The right hon. Member for Bournemouth, East and Christchurch (Mr. Bracken) started on the right foot but did not travel very far in the race before he spoilt himself by his insinuations against those of us who have tried to play our part in the passage of this Bill. I wish that he would restrain his feelings sometimes and pay a tribute to this side of the Committee as well as to his side. For any help we can get from the Opposition on a Bill of this character we are intensely grateful, but for our part we are grateful to my right hon. and learned Friend for having acceded to our representations.

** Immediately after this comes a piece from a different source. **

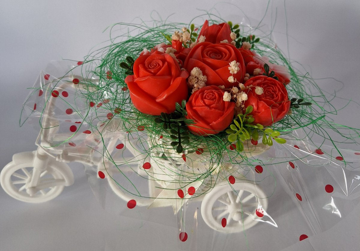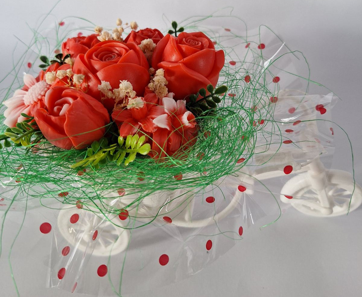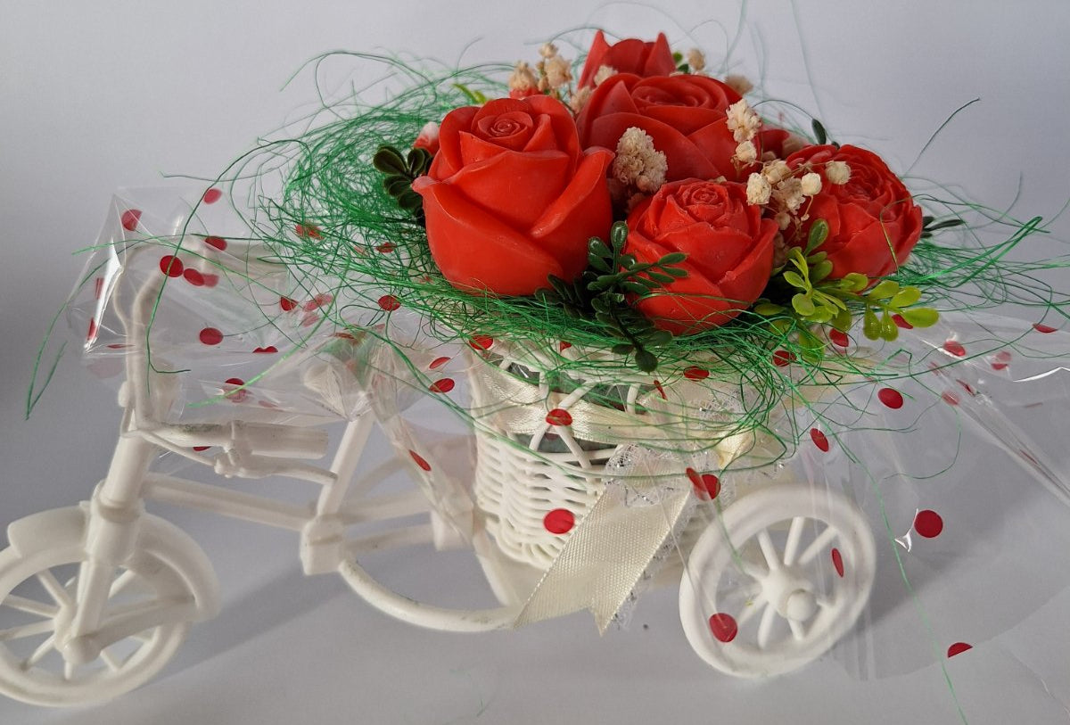Букет🚲💖„Цветна Разходка в червено"🚲💖 Ръчно Изработени Ароматни Сапунени Цветя в саксия с триколка

§ Mr. John McKay (Wallsend)
I am rather surprised that the right hon. Member for Bournemouth East, and Christ-church (Mr. Bracken) should assert that the Government have seen the light. Anybody who compares the two proposed new Clauses on the Order Paper will see that the Government's proposal does the best thing possible for those who might suffer from subsidence, whereas that tabled by the Opposition is of a very limited kind. The Opposition proposal is limited in many respects. Under it a man would have to prove that workings had taken place within 10 years, and also that the coal had been extracted from directly underneath his house.
It may be argued that such an impression has been made upon the Government that they have climbed down and changed their opinion, but when we remember that the Government are in power and can either accept a proposed new Clause as drafted in its very limited form or reject it, or apply their minds to the subject and draft an alternative new Clause which is a great improvement upon the original suggestion, it will be recognised that in this case the Government have gone to 2299 the utmost limit in extending the Bill, and all credit is due to them. They have done splendidly in widening this Bill to the utmost possible extent.
§ Sir Herbert Williams (Croydon, East)
I should like to add one or two remarks, as one who has taken an active part in this Bill, and perhaps thereby contributed to the tabling of this proposed new Clause. Let us be quite frank and admit that this new Clause would not have been tabled if the Opposition had not made a misery of the lives of those in charge of the Bill. Let us be realists. We all know how concessions are obtained, and this con cession was not obtained because of any effort by the hon. Member for Wallsend (Mr. McKay). The Government tabled this Clause because the Opposition had tabled the one which follows it on the Order Paper, although it is true to say —and I am glad to say it—that the Government's proposal goes a bit beyond what we suggested in dealing with sub sidence—I never know which is the correct pronunciation of this word——
§ The Minister of Fuel and Power (Mr. Philip Noel-Baker)
The Oxford Dictionary approves of both.
§ Sir H. Williams
I never went to Oxford; I went to a modern university, so that does not influence me. However the word is pronounced, we are glad to have this concession. The hon. Member for Wallsend knows very well that in 99.9 per cent. of these cases the coal has been gotten—I think that is the right phrase—from under the building. He must not run away with the idea that he and his hon. Friends have done anything to obtain this new Clause. There is a good Parliamentary phrase for them in this instance, which a Minister used many years ago, in referring to an Opposition, when he called them "dumb cattle." There is thus a Parliamentary precedent when I say that hon. Members opposite have been dumb cattle, with one notable and honourable exception, the hon. Member for Ince (Mr. T. Brown). We welcome this new Clause; it is a great improvement, but it would not have been put into the Bill but for the efforts of the Opposition.
§ Question put, and agreed to.
§ Clause read a Second time, and added to the Bill.